The writer also complains that by not showing up, the Phelpses have deprived "counter-protesters the benefit of giving them the finger or blocking their view of the event." (Personally, I think that liberals and progressives should hire the WBC to come to visit: it would gin up all kinds of publicity and fund-raising possibilities for local liberal causes.) In most if not all cases, the Westboro pickets aren't near enough to see "the event." The law in various US locales requires them to picket "on a public street 1,000 feet from the site of the funeral; they complied with the law and with instructions from the police, and they protested quietly and without violence." But these fine, upstanding, truly Christian folk like to imagine the Phelpses standing at the gravesite, foaming at the mouth and spitting on the bereaved. Sort of the way that more conservative Christians like to imagine homosexual orgies, or some respectable Romans liked to fantasize about primitive Christians' "love feasts," which involved blowing out the lamps, copulating promiscuously with one another, and eating a human infant. There's nothing like prurient fantasy to show real Christianity in action.

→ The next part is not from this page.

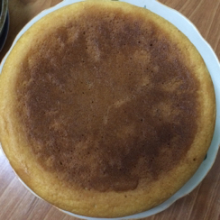 蛋糕上面那一层应该再烫一下,这样有点点黄黄的,可能看起来更好吃一些吧。就是底下那里有点太硬硬的感觉,不过趁热吃,还是挺不错的啊。宝宝后来就不怎么喜欢吃那硬硬的地方,我帮他吃了,其实宝宝对这个感觉一般般,倒是我啊,喜欢得不得了,就像满足了我的强烈的吃蛋糕的欲望一样,哈哈。比外面卖的蛋糕,还是有差别的哈,毕竟,自己做的,没有放泡打粉,没有含铅,吃着放心,安全,给宝宝吃也是,非常放心,要是有点葡萄干放进去,可能口感会更好一些吧。不过我找了一会儿,没找到,就算了。下次再做的时候,就再补上一些葡萄干 吧。
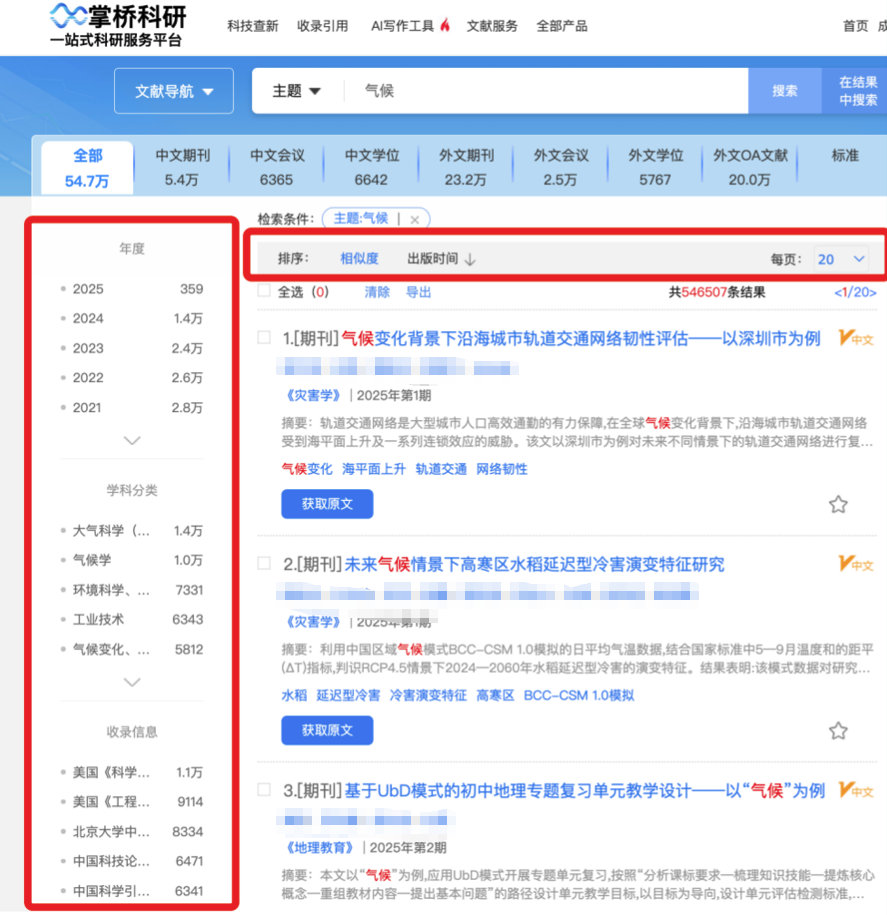 如果我们想再加快自己检索的效率,就可以直接使用页面左侧的筛选项为我们检索效率再添一把火~

Though I despise the WBC as well, I can't work up a whole lot of enthusiasm for giving them tons of publicity, which is what really encourages them to continue. For that matter, I recall that when they began their career of infamy by picketing the funerals of people who'd died of AIDS, the straight media clucked disapprovingly, but the campaign to silence them altogether didn't gain any steam until they moved to less safe subjects, like fallen US military. Then a lot of people got worked up into a lather -- but in the US, as opposed to South Africa or Canada or the UK, the First Amendment's guarantee of free speech still means something, even for the most loathsome, hateful people. But what really dispirits me here is this complacent self-styled liberal Christian indulgence in murderous fantasy, though I guess if you pretend to be all about Love, you have to hate somebody as a safety-valve. And come to think of it, when I consider Jesus' fondness for threatening people he disliked with endless torture in hellfire, this kind of murderous fantasy is pretty Christlike.